This is to support lando changes that adds a new message type sent to lando worker VMs. See Duke-GCB/lando#200.

this caused lando-util to fail with MissingInitialSetupError

This is to fix issues when running on linux where PATH/LANG caused issues finding and running software.

dleehr

Thanks for undertaking such a big refactoring/cleanup. Big improvement and will streamline quite a lot. I did have some feedback, mostly on things consolidated into lando.common.

dleehr · 2019-05-20T12:12:51Z

lando/common/tests/test_names.py

+        self.assertEqual(names.workflow_input_files_metadata_path, '/job-data/workflow-input-files-metadata.json')
+        self.assertEqual(names.usage_report_path, '/output-data/job-49-joe-resource-usage.json')
+        self.assertEqual(names.activity_name, 'myjob - Bespin Job 49')
+        self.assertEqual(names.activity_description, 'Bespin Job 49 - Workflow myworkflow v2')


I see that test_zipped_workflow() tests some attributes that test_packed_workflow() here doesn't test (e.g. workflow_download_dest, workflow_to_run or workflow_to_read).

I updated test_packed_workflow to test these fields well.

dleehr · 2019-05-20T13:39:49Z

lando/common/commands.py

+        self.paths = paths
+
+    def command_file_dict(self, input_files):
+        items = [


I'd like to see some explanation here about these two initial items - why are they here and what do they do?

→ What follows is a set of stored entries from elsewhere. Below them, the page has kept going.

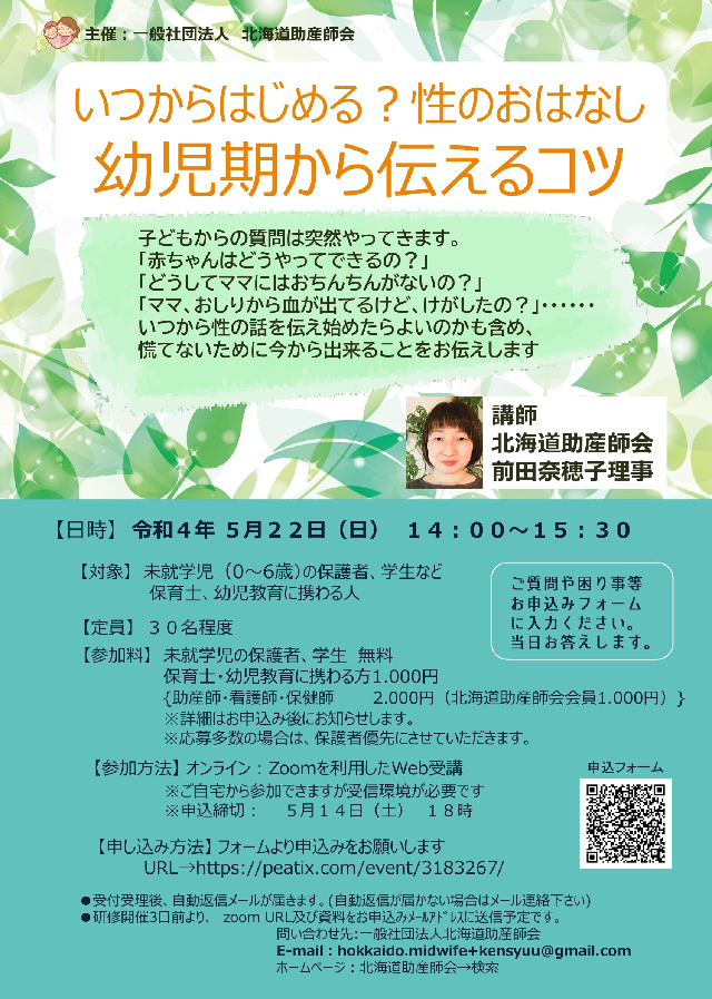さて、今日はわたしが所属する北海道助産師会が、小さなお子ちゃまをもつママ・パパ向けの講演会を開催するのでお知らせです。
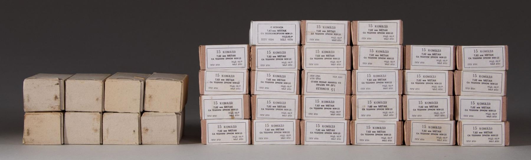 1). According to the cyrillic markings on box, this brass cased Berdan primed ammo is loaded w/ a heavy full metal jacket boat-tailed bullet. 405 rounds in twenty-seven 15 round paper boxes. 2). Steel cased Berdan primed full metal jacket ammo produced according to the "21 / 86" headstamp in East Germany. The plain paper boxes contain no further information as to bullet weight or corrosive priming. 160 rounds in eight 20 round unmarked boxes. Lot is contained in a green plastic "ammo can". CONDITION: ammunition appears bright, clean & serviceable. Most boxes are sealed, but boxes may have light handling wear. (02-24542-9/RW). AMMO. $200-400.
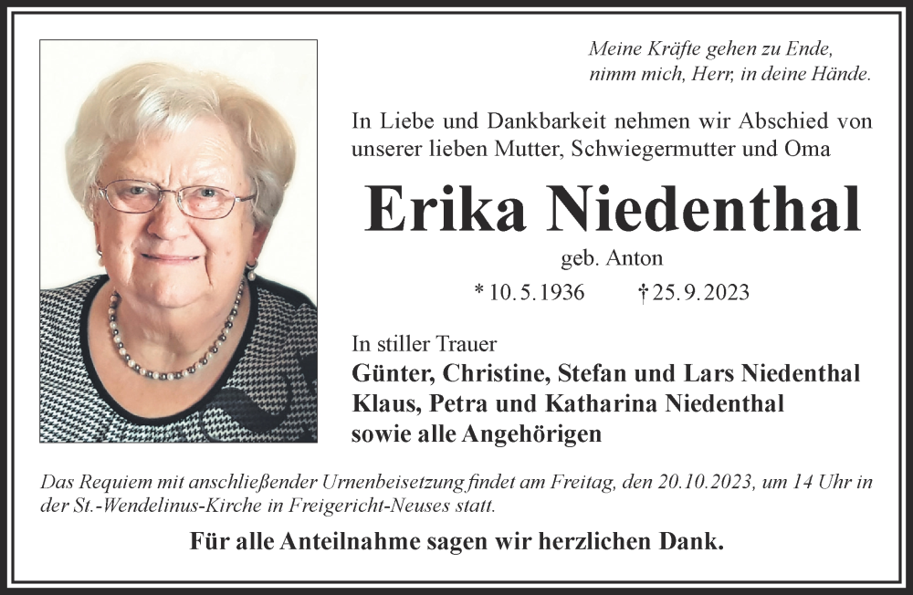 Hier finden Sie alle Traueranzeigen aus der Zeitung, die bisher für Erika Niedenthal erschienen sind. Weitere Traueranzeigen, die in der Zeitung erscheinen, werden hier ebenfalls aufgelistet

I added comments above them.

dleehr · 2019-05-20T13:40:40Z

lando/common/commands.py

+            self.create_stage_data_config_item(StageDataTypes.URL,
+                                               self.workflow.workflow_url,
+                                               self.names.workflow_download_dest,
+                                               self.names.unzip_workflow_url_to_path),


This contains an unzip_to argument. Does this only work for zipped workflows?

unzip_workflow_url_to_path value is None when staging packed workflows.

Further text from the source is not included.